Monday, February 22, 2010

Obama Health Plan Costs $950 Billion Over 10 Years

Trying to revive languishing health-care legislation, the White House proposed Monday that a tax on high-end health plans be delayed for all workers, not just those in unions, and suggested new taxes to help make up for the lost revenue.

President Barack Obama will carry the proposal, an attempt to bridge differences between bills passed by the House and Senate last year, into a bipartisan meeting with congressional leaders on Thursday, as Democrats try to regain momentum and push their legislation through final passage in Congress.

Republicans are planning to bring their own ideas to the meeting, and aides said last week they are prepared to incorporate Republican proposals into the Democratic plan. But White House officials made clear again Monday that they have no intention of scratching their legislation and starting over, as Republicans are demanding.
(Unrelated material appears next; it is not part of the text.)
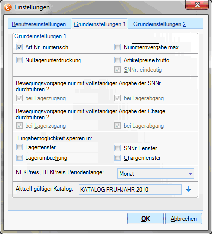 In der Feldgruppe Grundeinstellungen 1 sind folgende Funktionen enthalten:
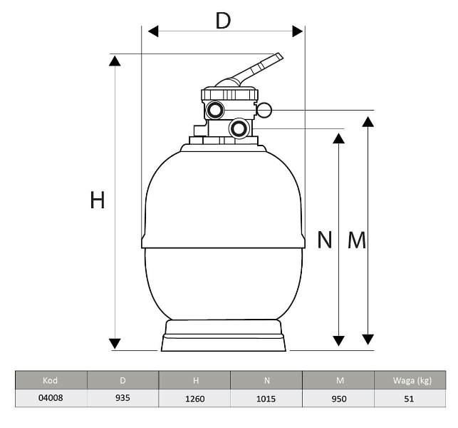 Filtr basenowy TEBAS SYRIUS oferowany z zaworem górnym .Maksymalne,chwilowe ciśnienie 2bar.Wymiana złoża piasu co 2 lata,a złoża AFM co 8-10lat.

SOURCE: Wall Street Journal

Up Next! On Live TV! A Battle Over ... Health Care?

When he jousts with Congressional Republicans over health care policy during a televised meeting on Thursday, President Obama will seek to portray his adversaries as sharing many of the broad goals of his legislation and also strive to unify Congressional Democrats to press ahead and adopt a bill, senior White House officials and leading Democrats say.

But Mr. Obama, top White House advisers and Congressional leaders of both parties are under no illusion that the meeting will resolve more than a half-century of disagreements over health care policy. Instead, Democrats say, they hope the event will create a climate that helps revive their legislation in Congress and prove to the American public that they are willing to hear out Republicans and even adopt their ideas.

“We may not be able to resolve all the disagreements, but we ought to be able to thrash out areas of broad agreement,” said David Axelrod, Mr. Obama’s senior adviser. “The fact is, there are broad areas of agreement on elements of this, and hopefully that will become apparent here.”

Mr. Axelrod added, “Sitting side by side working through these issues is better than not sitting side by side and dealing with distortions.”

Republican leaders have not yet committed to attending the session and have said they doubt the sincerity of Mr. Obama’s bipartisan overtures, given his refusal to discard the Democrats’ legislation and start over. But senior Republican aides said that party leaders planned to participate and that a chief goal would be to portray the president as defying the will of the American people if he continues pushing for an expansive and expensive bill.